Heisuke Hironaka


Quick Info

Born
9 April 1931
Yamaguchi, Japan

Summary
Heisuke Hironaka is a Japanese mathematician who won a Fields Medal in 1970 for his contributions to algebraic geometry.

Biography

Heisuke Hironaka's father ran a textile factory. This was not an occupation he wanted but he was forced into the family business when his father (Heisuke's paternal grandfather) died while he was still a schoolboy. Heisuke's mother was his father's third wife. After his first wife died, he remarried and had four children. However, his second wife then died and he married for the third time, to a younger sister of his second wife who, by this time, was widowed with one child. These five children comprised three boys and two girls. Heisuke's parents then had ten children of their own (six boys and four girls), so Heisuke grew up in a family of fifteen children.
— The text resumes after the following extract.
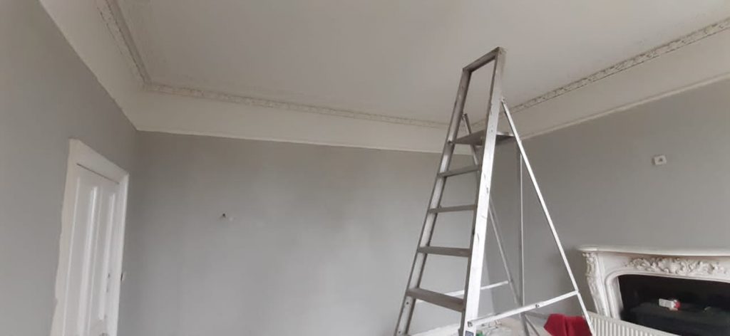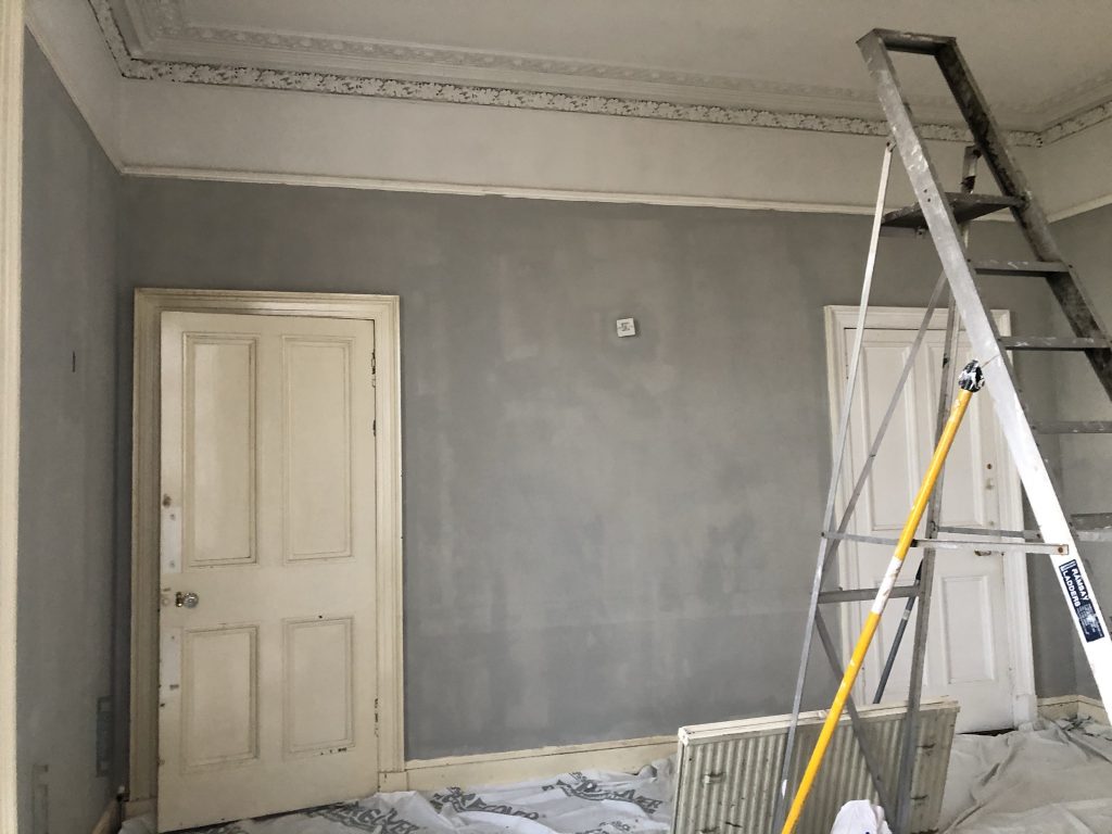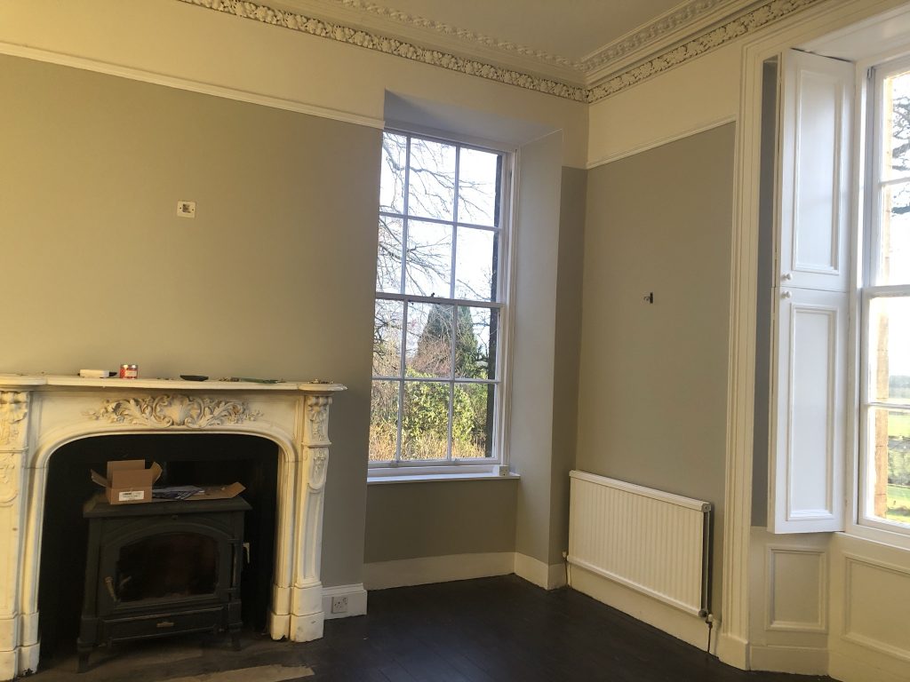 And if you’re wondering, at this point, why we didn’t extend the colour above the picture rail, that is by design! These ceilings are quite high – somewhere in the region of 12-13 feet – so we extended the ceiling colour to the picture rail in an effort to try to make the room feel cosier and less cavernous.

Of his parents' ten children, Heisuke was the second eldest having one older sister.

Two of Heisuke's half-brothers were killed, one fighting against the Americans and one fighting against the Chinese. Heisuke's father was devastated and as a consequence sold his textile factory and gave up work. Heisuke attended elementary school and then middle school where he began to develop a liking for mathematics. The town of Yamaguchi is about 80 km from Hiroshima and on Monday, 6 August 1945, at 8.15 in the morning, Heisuke's father witnessed the dropping of the atomic bomb on Hiroshima. They were fortunate that their area was not affected by the radiation. After middle school, Heisuke attended the boys' junior high school in Yanai. This meant that he had to take a 30 minute train journey to school every day. He started to learn to play the piano and became very keen but was advised by his teachers not to think of becoming a professional musician. After a mathematics professor from Hiroshima University gave a lecture at the junior high school, Heisuke became enthusiastic and applied to study mathematics at Hiroshima University. However he did not study for the entrance examination and failed. In the following year he applied to study physics at Kyoto University and was accepted. He was able to live with one of his sisters who had married and was living in Kyoto.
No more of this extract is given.